The extension tray base 27 is rotatably supported by the shaft member 22b, and is rotatable between a storage orientation (FIG. 5A) and a protruded orientation (FIG. 5B). In the storage orientation, the integrated extension tray 23 and extension tray base 27 is completely stored in the box-like outer shell of the cover unit 2. At this time, the side surface of the extension tray 23 abuts on a regulating portion 22c provided to the inner cover 22. On the other hand, in the protruded orientation, the integrated extension tray 23 and extension tray base 27 protrudes forward from the sheet stacking surface of the inner cover 22 to extend an area for supporting a sheet. At this time, an end portion 27a of the extension tray base 27 abuts on a regulating portion 22d provided to the inner cover 22.

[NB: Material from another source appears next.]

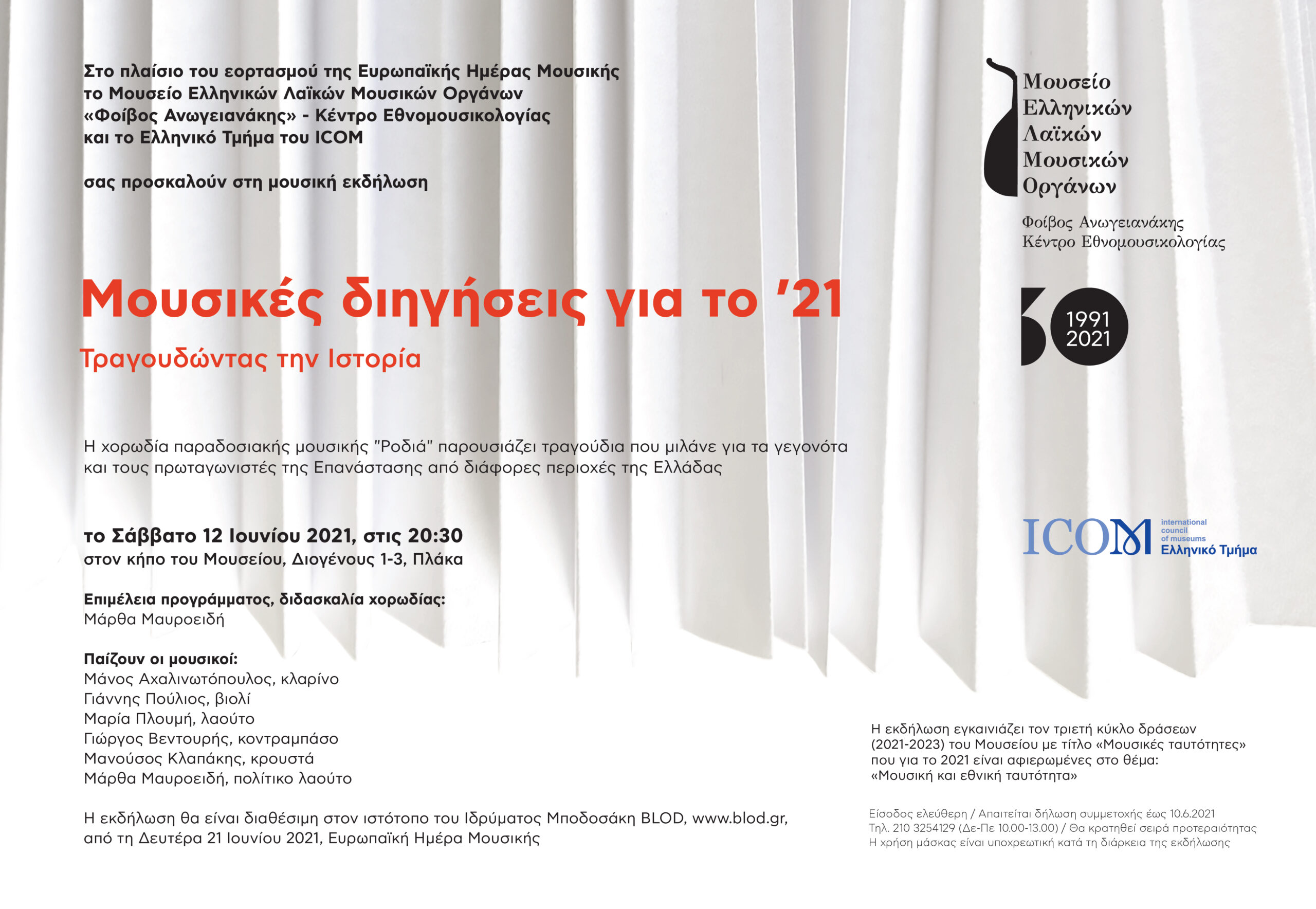 Το Μουσείο Ελληνικών Λαϊκών Μουσικών Οργάνων «Φοίβος Ανωγειανάκης» – Κέντρο Εθνομουσικολογίας και το Ελληνικό Τμήμα του ICOM, στο πλαίσιο του εορτασμού της Ευρωπαϊκής Ημέρας Μουσικής 2021, διοργάνωσαν μουσική… Read More

The extension tray 23 further incorporates a sub extension tray 28 which can be slid and extended. A user can optionally pull out the sub extension tray 28 by hand. Usually, the sub extension tray 28 is not necessary to be pulled out, and is to be pulled out only when a special long sheet is used in printing so as to improve the stacking property thereof. The sub extension tray 28 may remain in a pulled out state, or the extension tray 23 may be configured to be stored in the cover unit 2.

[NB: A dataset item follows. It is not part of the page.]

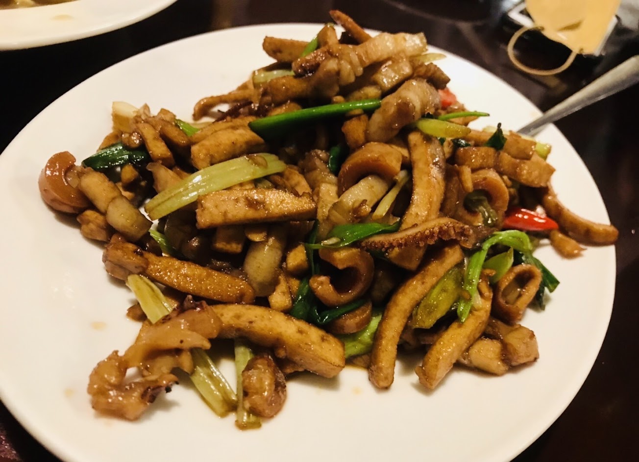 洪樓小館的蔥油雞,雞肉切片厚薄得宜,入口咀嚼的肉感很紮實;蔥油的部分也是滿滿的蔥香氣,相對的油感不會過於厚重,也因此,幾乎是大家都很喜歡的一道料理。

The connecting lever 24 is rotatably supported by the shaft member 22a, and is rotatable between the storage orientation (FIG. 5A) and the protruded orientation (FIG. 5B). Both ends of the connecting arm 26 are rotatably supported by a shaft member 24a near the leading edge of the connecting lever 24 and the shaft member 27b of the extension tray base 27, respectively, to interlock these two components. Two shaft holes at the both ends of the connecting lever 24 which are engaged with the shaft members have ellipse shapes which are slightly longer in the longitudinal directions of the respective levers to have backlashes intentionally. Accordingly, the connecting lever 24 and the extension tray base 27 interlock with each other with a slight delay. In other words, a delay mechanism is implemented in which the intentional backlashes of the engagement portions act as allowances, and the movement of the connecting lever 24 is transmitted to the extension tray base 27 with a delay. The backlash may be given any one of these two shaft members. The torsion coil spring 25 is provided on the shaft of the connecting lever 24 and applies a force to the rotational direction to which the connecting lever 24 is stored with respect to the inner cover 22. By this applied force, the extension tray base 27 and the extension tray 23 which are interlocked with each other via the connecting arm 26 are urged to the storage orientation. The torsion coil spring 25 is an example of an urging member, and the urging member is not limited to this. Other elastic members having elasticity may be used for applying a force.

As illustrated in FIG. 6C, when the apparatus main body is seen from the front side by removing the cover unit 2, a first control cam 71 is firmly fixed inside a hole at the left lower front. The first control cam 71 includes cam surfaces 71a and 71b, and the cam surfaces 71a and 71b are positioned on a curved surface equally distanced from the opening/closing shaft 2a. According to the open and close of the cover unit 2, an end portion 24b of the connecting lever 24 slides on the cam surfaces 71a and 71b, and the connecting lever 24 is rotated. A rotation operation of the connecting lever 24 is transmitted to the extension tray base 27 via the connecting arm 26, and becomes a rotation operation of the extension tray 23 integrated to the extension tray base 27. When the cover unit 2 is in the closed state, the extension tray 23 is at the storage orientation (FIG. 6A), and when the cover unit 2 is in the open state, the extension tray 23 is at the protruded orientation (FIG. 6B).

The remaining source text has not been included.